● Work order
In the data below, locate the line containing "finalizing their order." and the line containing "Theo ước tính", then retype both and everything between them exactly. Pictures are not part of the copy.

● Material for the task
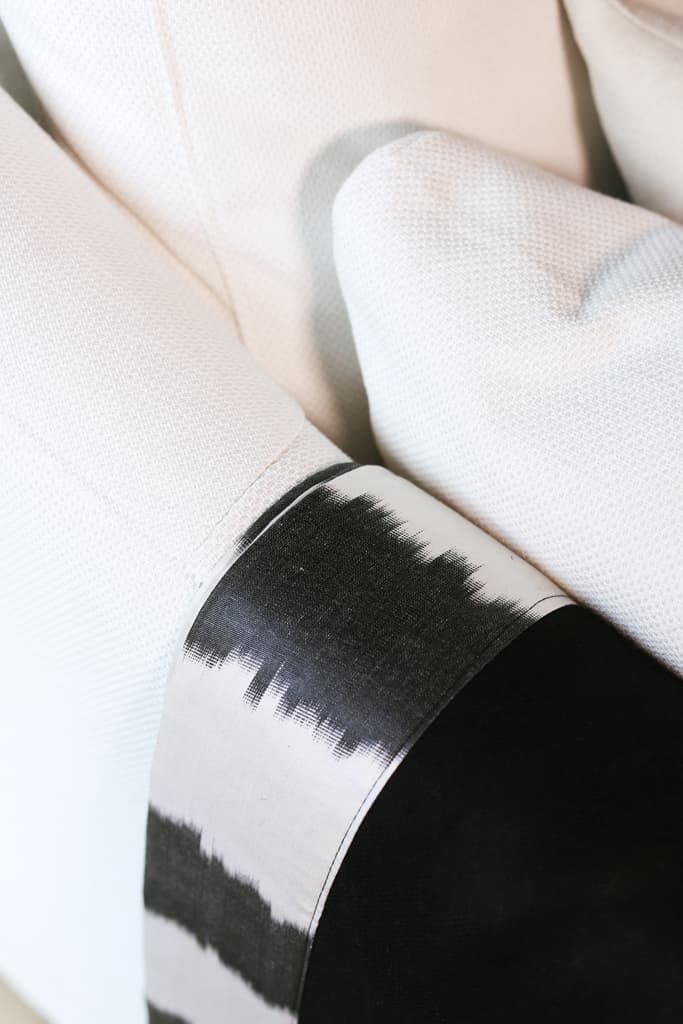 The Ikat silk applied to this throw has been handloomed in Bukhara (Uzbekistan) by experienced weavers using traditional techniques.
---
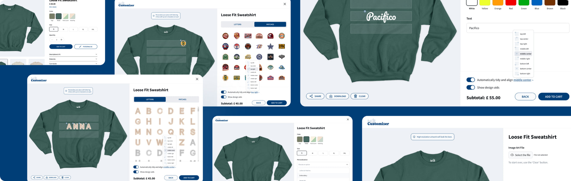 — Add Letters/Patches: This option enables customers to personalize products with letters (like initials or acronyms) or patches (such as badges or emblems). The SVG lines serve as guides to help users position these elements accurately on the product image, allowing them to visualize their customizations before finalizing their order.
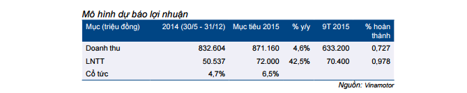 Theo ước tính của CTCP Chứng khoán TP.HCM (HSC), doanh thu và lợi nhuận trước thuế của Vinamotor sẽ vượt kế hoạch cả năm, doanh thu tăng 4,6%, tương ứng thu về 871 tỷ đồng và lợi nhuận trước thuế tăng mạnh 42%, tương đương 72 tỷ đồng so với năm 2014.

● Answer area
 — Add Letters/Patches: This option enables customers to personalize products with letters (like initials or acronyms) or patches (such as badges or emblems). The SVG lines serve as guides to help users position these elements accurately on the product image, allowing them to visualize their customizations before finalizing their order.
 Theo ước tính của CTCP Chứng khoán TP.HCM (HSC), doanh thu và lợi nhuận trước thuế của Vinamotor sẽ vượt kế hoạch cả năm, doanh thu tăng 4,6%, tương ứng thu về 871 tỷ đồng và lợi nhuận trước thuế tăng mạnh 42%, tương đương 72 tỷ đồng so với năm 2014.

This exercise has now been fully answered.